(WHAT YOU NEED TO DO)
Transcribe the entries below exactly; leave every image out.

(EXTRACTED MATERIAL)
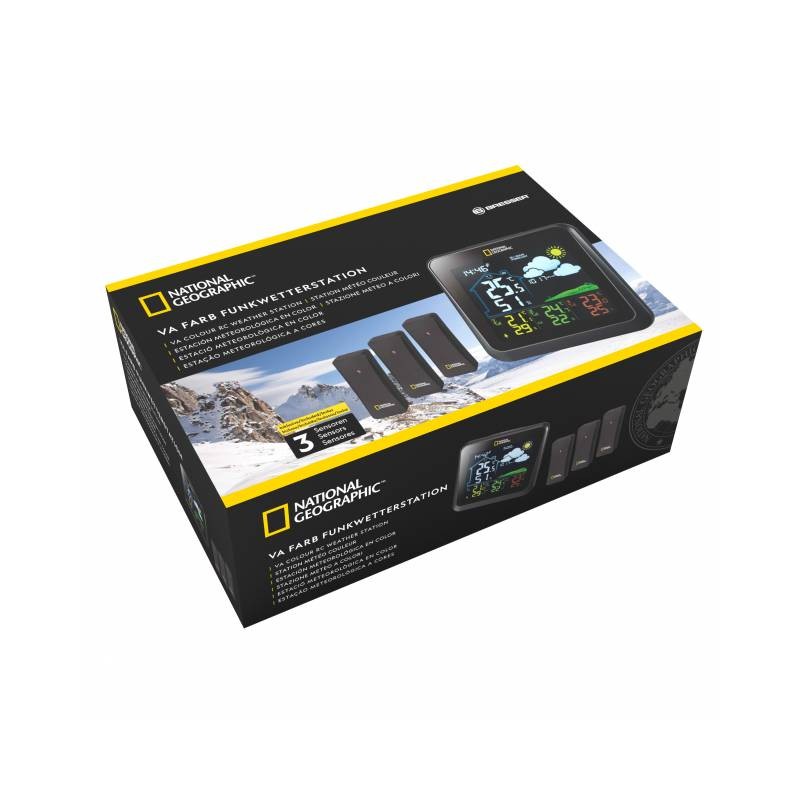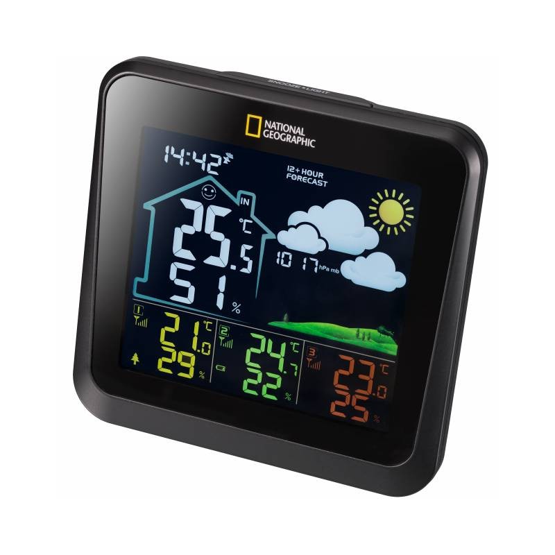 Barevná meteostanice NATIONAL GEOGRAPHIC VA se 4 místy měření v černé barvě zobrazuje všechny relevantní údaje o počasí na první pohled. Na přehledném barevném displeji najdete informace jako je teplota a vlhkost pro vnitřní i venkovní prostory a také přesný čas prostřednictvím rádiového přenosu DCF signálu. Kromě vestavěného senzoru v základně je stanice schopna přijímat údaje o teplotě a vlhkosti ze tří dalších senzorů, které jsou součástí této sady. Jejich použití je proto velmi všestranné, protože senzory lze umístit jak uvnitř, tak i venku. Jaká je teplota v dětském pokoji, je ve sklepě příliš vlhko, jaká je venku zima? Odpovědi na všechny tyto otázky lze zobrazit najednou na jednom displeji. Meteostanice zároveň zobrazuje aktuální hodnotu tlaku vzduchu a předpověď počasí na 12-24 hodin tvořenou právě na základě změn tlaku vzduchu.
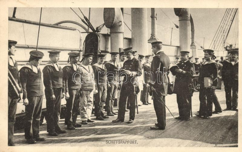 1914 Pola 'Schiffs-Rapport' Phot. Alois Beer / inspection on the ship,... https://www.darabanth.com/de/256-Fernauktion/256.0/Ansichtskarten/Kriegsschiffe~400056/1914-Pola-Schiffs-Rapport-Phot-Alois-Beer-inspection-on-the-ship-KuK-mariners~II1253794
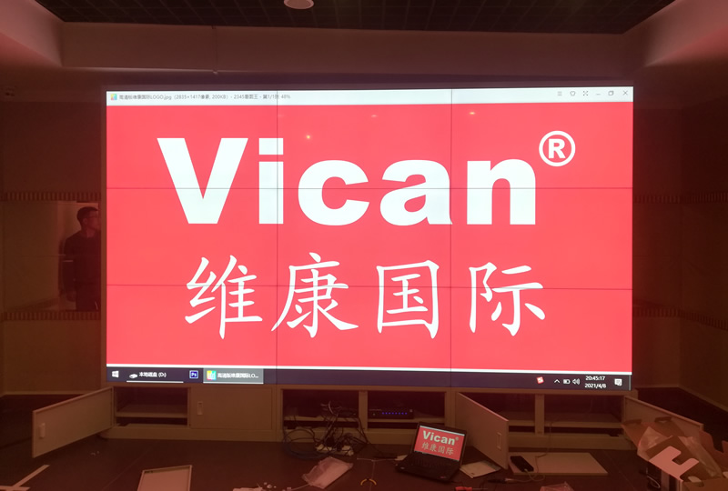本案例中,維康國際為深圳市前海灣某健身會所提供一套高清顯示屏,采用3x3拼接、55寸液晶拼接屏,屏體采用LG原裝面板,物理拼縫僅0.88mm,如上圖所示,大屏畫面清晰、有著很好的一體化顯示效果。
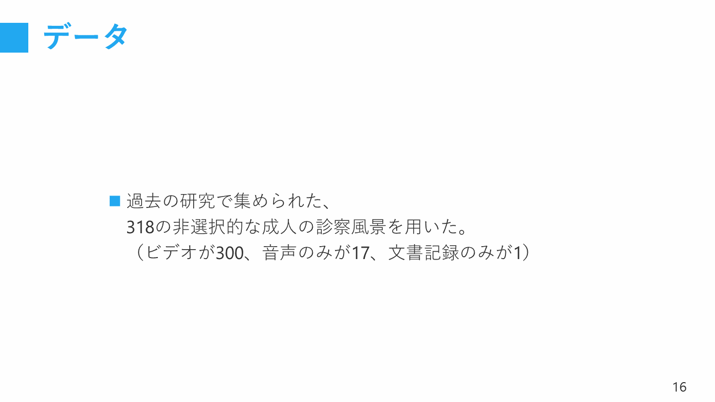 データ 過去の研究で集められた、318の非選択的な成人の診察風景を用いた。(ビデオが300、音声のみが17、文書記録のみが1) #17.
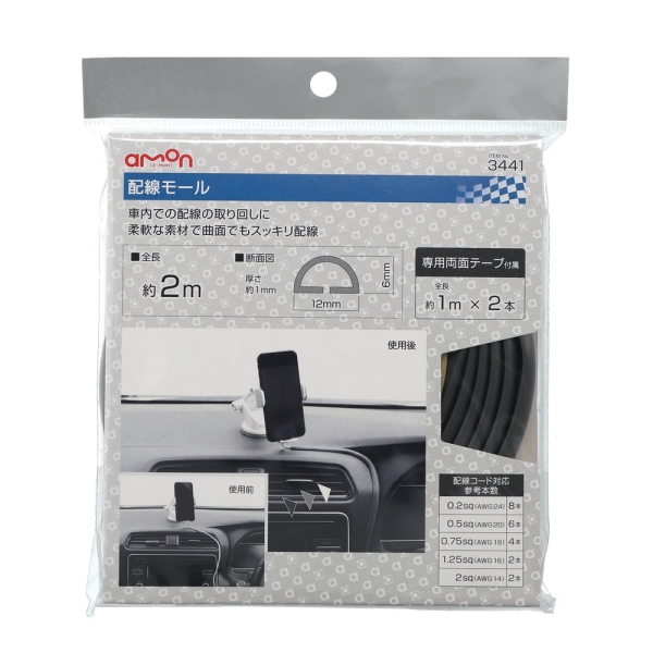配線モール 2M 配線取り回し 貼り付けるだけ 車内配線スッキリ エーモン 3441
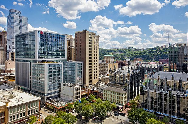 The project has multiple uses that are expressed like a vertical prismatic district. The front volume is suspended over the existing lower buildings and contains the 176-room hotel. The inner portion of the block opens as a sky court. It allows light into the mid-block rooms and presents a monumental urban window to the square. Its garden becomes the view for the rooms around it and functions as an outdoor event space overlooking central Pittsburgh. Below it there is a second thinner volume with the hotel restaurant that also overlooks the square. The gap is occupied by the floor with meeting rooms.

(SOLUTION FOR THIS TASK)
 Barevná meteostanice NATIONAL GEOGRAPHIC VA se 4 místy měření v černé barvě zobrazuje všechny relevantní údaje o počasí na první pohled. Na přehledném barevném displeji najdete informace jako je teplota a vlhkost pro vnitřní i venkovní prostory a také přesný čas prostřednictvím rádiového přenosu DCF signálu. Kromě vestavěného senzoru v základně je stanice schopna přijímat údaje o teplotě a vlhkosti ze tří dalších senzorů, které jsou součástí této sady. Jejich použití je proto velmi všestranné, protože senzory lze umístit jak uvnitř, tak i venku. Jaká je teplota v dětském pokoji, je ve sklepě příliš vlhko, jaká je venku zima? Odpovědi na všechny tyto otázky lze zobrazit najednou na jednom displeji. Meteostanice zároveň zobrazuje aktuální hodnotu tlaku vzduchu a předpověď počasí na 12-24 hodin tvořenou právě na základě změn tlaku vzduchu.
 1914 Pola 'Schiffs-Rapport' Phot. Alois Beer / inspection on the ship,... https://www.darabanth.com/de/256-Fernauktion/256.0/Ansichtskarten/Kriegsschiffe~400056/1914-Pola-Schiffs-Rapport-Phot-Alois-Beer-inspection-on-the-ship-KuK-mariners~II1253794
本案例中,維康國際為深圳市前海灣某健身會所提供一套高清顯示屏,采用3x3拼接、55寸液晶拼接屏,屏體采用LG原裝面板,物理拼縫僅0.88mm,如上圖所示,大屏畫面清晰、有著很好的一體化顯示效果。
 データ 過去の研究で集められた、318の非選択的な成人の診察風景を用いた。(ビデオが300、音声のみが17、文書記録のみが1) #17.
配線モール 2M 配線取り回し 貼り付けるだけ 車内配線スッキリ エーモン 3441
 The project has multiple uses that are expressed like a vertical prismatic district. The front volume is suspended over the existing lower buildings and contains the 176-room hotel. The inner portion of the block opens as a sky court. It allows light into the mid-block rooms and presents a monumental urban window to the square. Its garden becomes the view for the rooms around it and functions as an outdoor event space overlooking central Pittsburgh. Below it there is a second thinner volume with the hotel restaurant that also overlooks the square. The gap is occupied by the floor with meeting rooms.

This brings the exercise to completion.